Ce sera sans aucun doute, le thème de la soirée, au même titre que la vitesse et l'explosivité. Mbappé a été flashé à 35 km/h par la FIFA et Hakimi à 34 km/h. Par le passé, les deux joueurs se sont affrontés à plusieurs reprises en Ligue des champions, notamment quand Hakimi jouait en Allemagne (Borussia Dortmund).
A chaque fois, le Marocain a pris le dessus sur le Bondynois, même s’il n'opéraient pas toujours dans la même zone. Le latéral droit aura cette fois Kylian Mbappé comme adversaire direct. Il lui faudra répondre aux accélérations de l’un des meilleurs joueurs du monde, mais aussi à ses dribbles.
Mbappé tente 12 dribbles par match, un record dans ce mondial, mais la réussite le fuit (55%) souvent, car il est moins à l’aise quand il tente son crochet vers l'intérieur du jeu en dehors de la surface de réparation. Dans les seize mètres cinquante, il est tout simplement injouable.
Outre sa capacité à devenir inarrêtable quand il a un peu d’espace devant lui, par ses décrochages et sa mobilité, le joueur le plus décisif lors de la compétition (5 buts et 2 passes décisives) est également difficile à marquer, ce qui lui offre la possibilité d'être juste dans le camp adverse (92% de passes réussies), où les appels de Giroud sont tranchants.

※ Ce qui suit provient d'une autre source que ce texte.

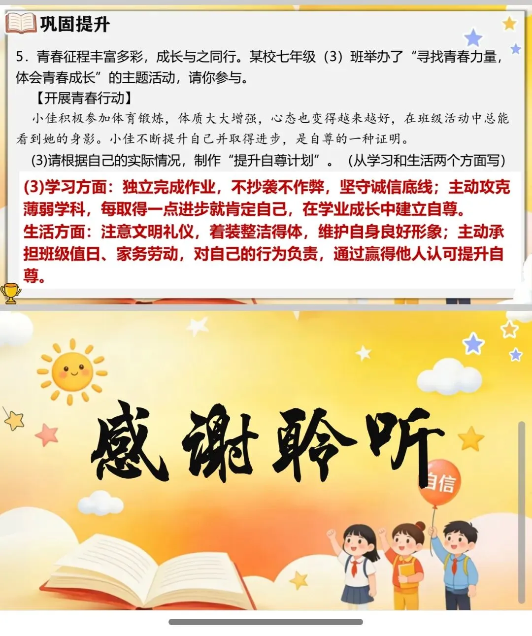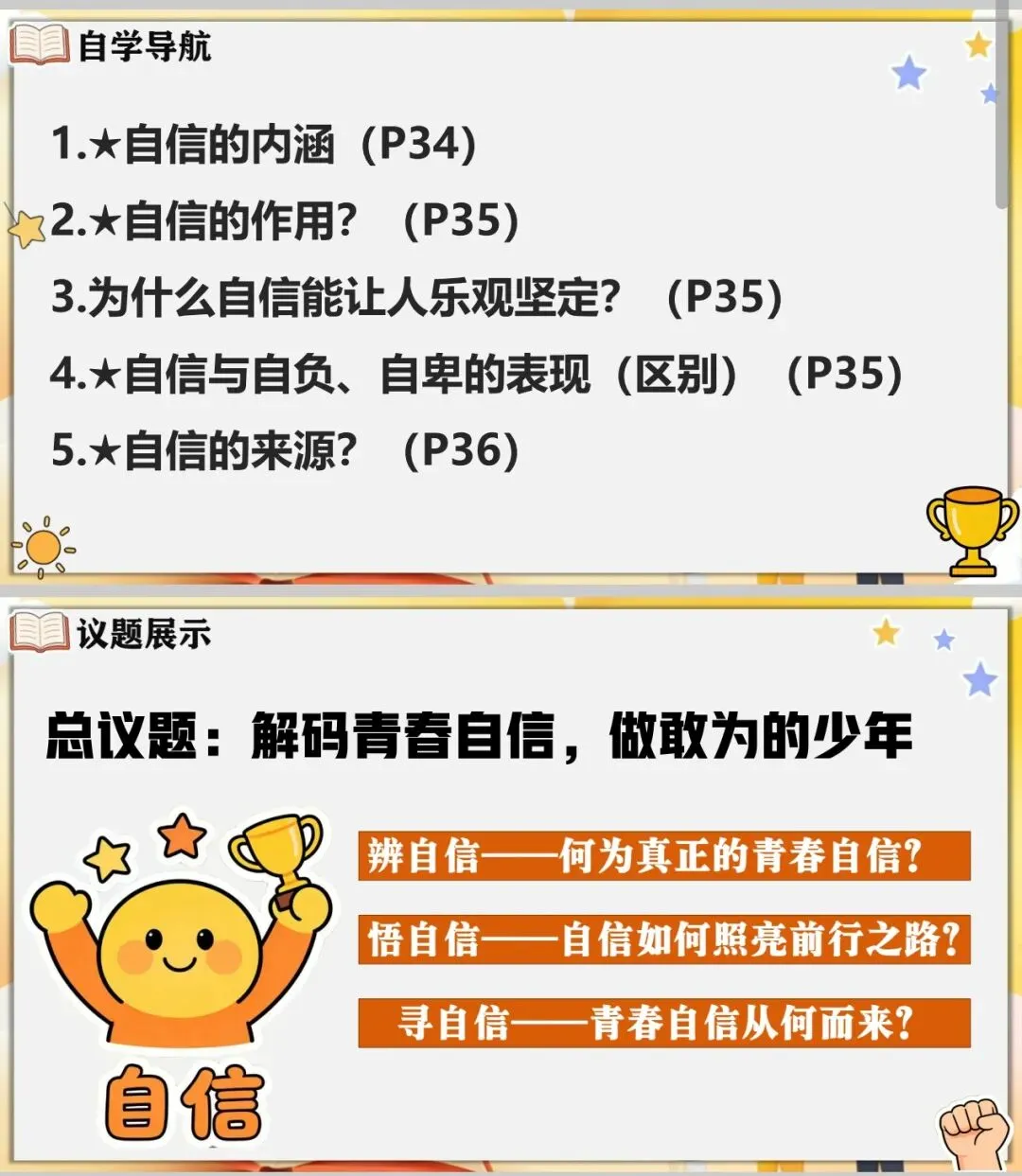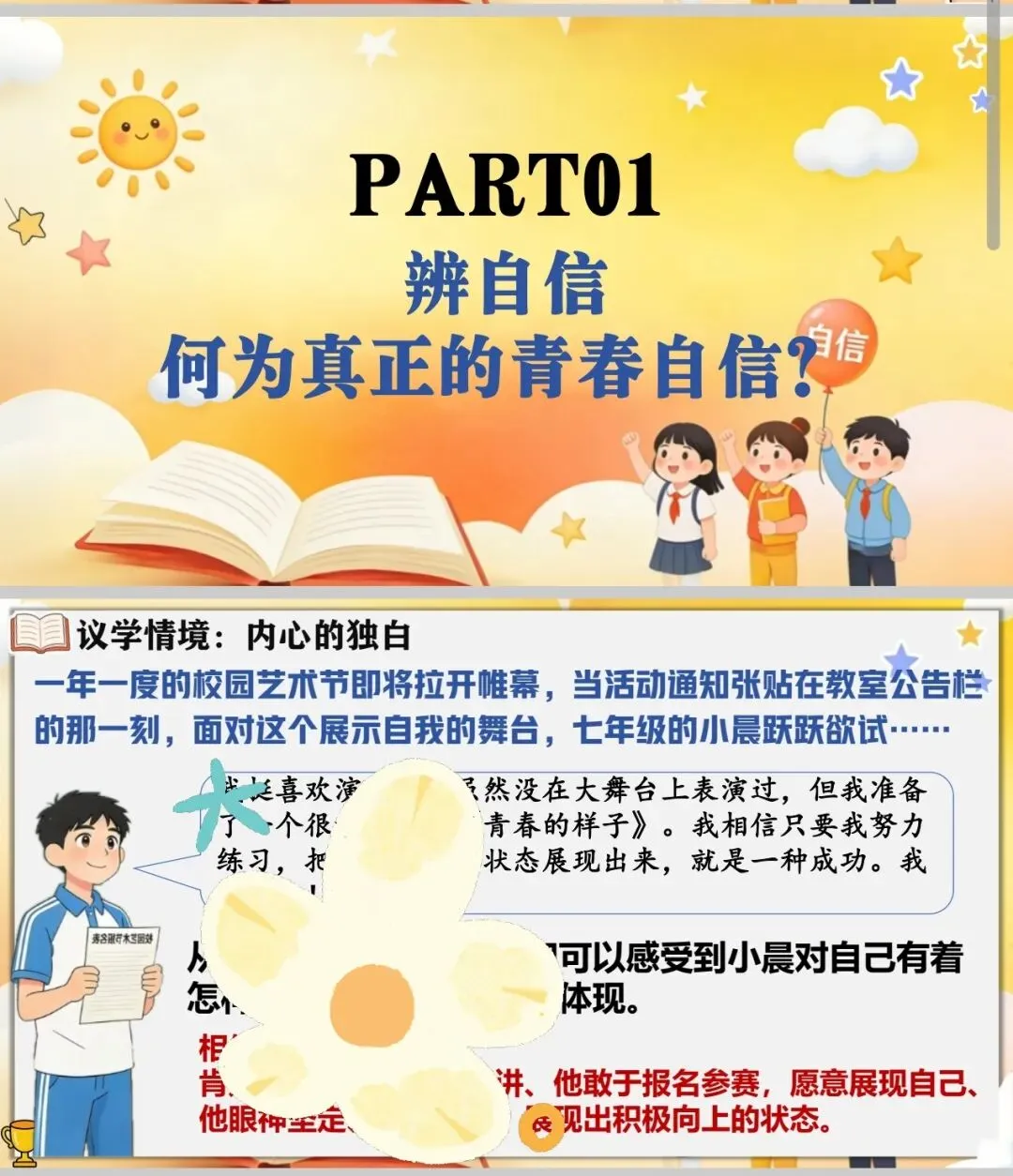 1.课件亮点:本课件贴合七年级学生青春期心理发展特点,以“小晨参加校园艺术节”为连贯主线创设生活化议学情境,将知识探究与小组合作、表格梳理等活动深度结合,兼顾知识性、生活性和思政性。
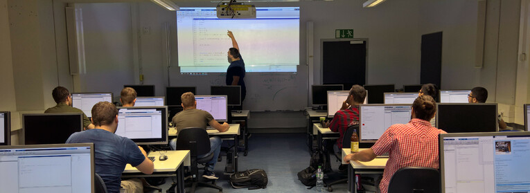 Výzkumníci FEL Martin Juřík, Karel Slobodník a Roman Hamar na přelomu července a srpna přenášeli na Ostbayerische Technische Hochschule Regensburg (OTH) v rámci kurzu zaměřeného na počítačové simulace s elektrickými obvody a software MATLAB.
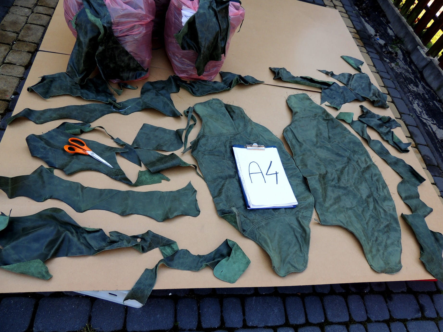 Ścinki skór, kawałki skór Zielona Oliwka - 1,2mm - 19kg

L'avant-centre tricolore est dans une grande forme depuis le début de la compétition. Il a battu le record de buts de Thierry Henry en équipe nationale (53 buts) par sa présence dans la surface de réparation et son redoutable jeu de tête (2 buts).
Son physique de déménageur lui permet de résister à la charge des défenseurs, et sa qualité technique offre un point d’appui précieux à ses coéquipiers. Il peut à la fois demander le ballon dans les pieds mais également en profondeur, bien que la vitesse ne soit pas son atout premier.
Un côté gauche à découvert
Disposée en 4-4-2 en losange en phase défensive, la bande à Deschamps ne pratique pas le pressing tout terrain. Le peu d’intensité mis à la perte du ballon se traduit par une relative facilité de l’adversaire à le conserver. La France permet jusqu’à 17 passes adverses par action défensive dans le camp adverse (PPDA).
Le Maroc aura donc la possibilité de construire ses attaques sans précipitation face à une structure d'équipe qui décharge Mbappé des tâches défensives, mais qui met à nu son côté gauche. Sur les 5 buts encaissés par la France, qui la situent au milieu de tableau des équipes les moins performantes dans ce secteur de jeu (17/32), les défaillances du flanc défensif gauche en étaient souvent à l’origine.
Dayot Upamecano et Theo Hernandez se retrouvent souvent à deux contre trois, et ont beaucoup de mal dans leur placement défensif quand ils doivent chasser un adversaire ou gérer la profondeur. Autrement dit, le Maroc doit concentrer ses attaques sur ce flanc car, tôt ou tard dans la rencontre, les deux défenseurs français seront dans l’erreur, comme sur les centres en retrait où la couverture des milieux de terrain n'est pas idéale.
En plus des difficultés affichées par les Français sur les coups de pied arrêtés, le dernier élément qu’il faudra prendre en considération pour déstabiliser le bloc défensif des Bleus est leur repli parfois défaillant, dont ont profité à plusieurs reprises les Anglais.
Enfin, leur indiscipline leur a joué des mauvais tours. Face à l’Angleterre, les Bleus ont commis 14 fautes, dont deux penalties concédés et un troisième oublié par l’arbitre, auxquels s’ajoute celui marqué par la Pologne en huitième de finale.